THE MOST northern island in the world has been discovered by accident, according to stunned scientists.
The island was spotted off the coast of Greenland when researchers were collecting samples in the area.
Shifting ice revealed the small patch of rocky land.
It's around 30 metres across and three metres high at its tallest point.
The island is thought to be made up of seabed mud and soil and rock that's been left by moving glaciers.
Scientists from the Arctic Station research facility in Greenland stepped foot on the tiny island last month.
Head of the station, Morten Rasch, told Reuters: "It was not our intention to discover a new island.
"We just went there to collect samples."
The researchers originally thought they'd reached Oodaaq, an island found by a Danish survey team in 1978.

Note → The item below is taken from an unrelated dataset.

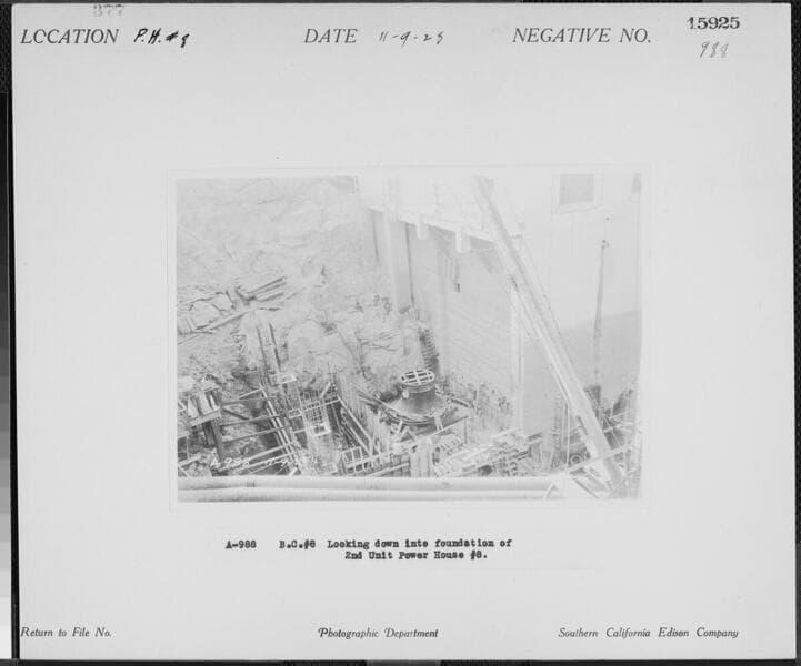 Big Creek Powerhouse #8 - Looking down into foundation of 2nd Unit Powerhouse #8. Jackhammer men completing excavation for Anchor #1.

However, they later checked their exact location and realised they were 780 metres northwest of that island.
Christiane Leister, creator of the Leister Foundation that provided money for the expedition, told Reuters: "It's a bit like explorers in the past, who thought they'd landed in a certain place but actually found a totally different place."
The research team also said they'd like the island to be called "Qeqertaq Avannarleq", which means "the northernmost island" in Greenlandic.

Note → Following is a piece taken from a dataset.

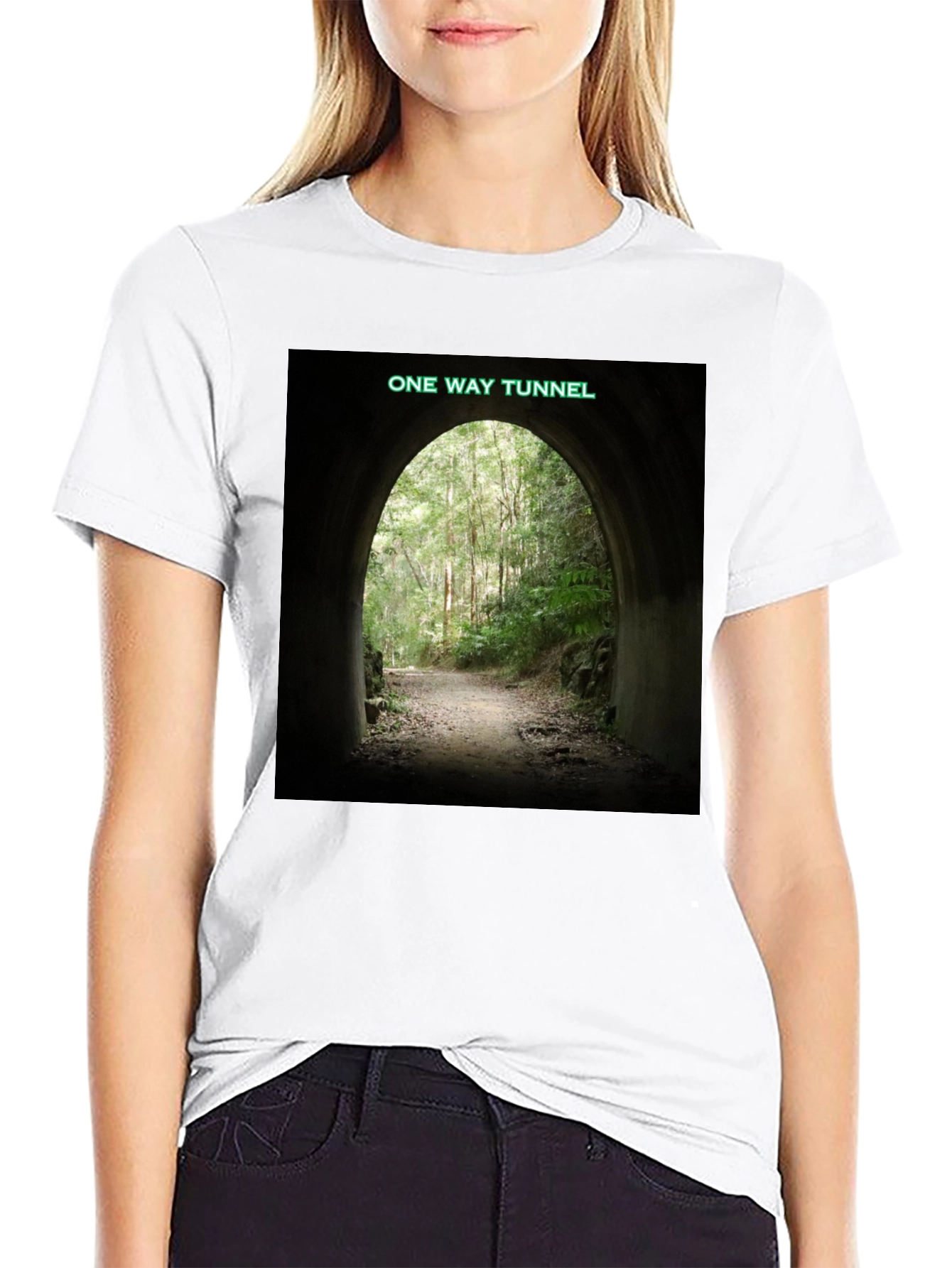Explore the unknown with this striking black T-shirt featuring a unique 'One Way Tunnel' design. The image captures a tunnel opening into a lush forest, creating a sense of adventure and mystery. Made from comfortable, breathable fabric, this tee is perfect for casual wear or your next outdoor excursion. Its bold graphic print makes it a standout piece in any wardrobe. Whether you're a nature lover, an adventure seeker, or simply appreciate unique designs, this T-shirt is sure to make a statement. Ideal for everyday wear, hiking, or as a thoughtful gift for the explorer in your life.

They don't think it appeared due to global warming despite mass melting in the region.
Arctic states like Greenland, Canada, the US, Russia are said to be in dispute over who will control new shipping routes and fishing zones now that melting ice has revealed new areas.
Although the piece of land currently meets the criteria of an island, meaning it stays above water at high tide, it could disappear underwater in the future.
For now, it's thought to be the northernmost island in the world.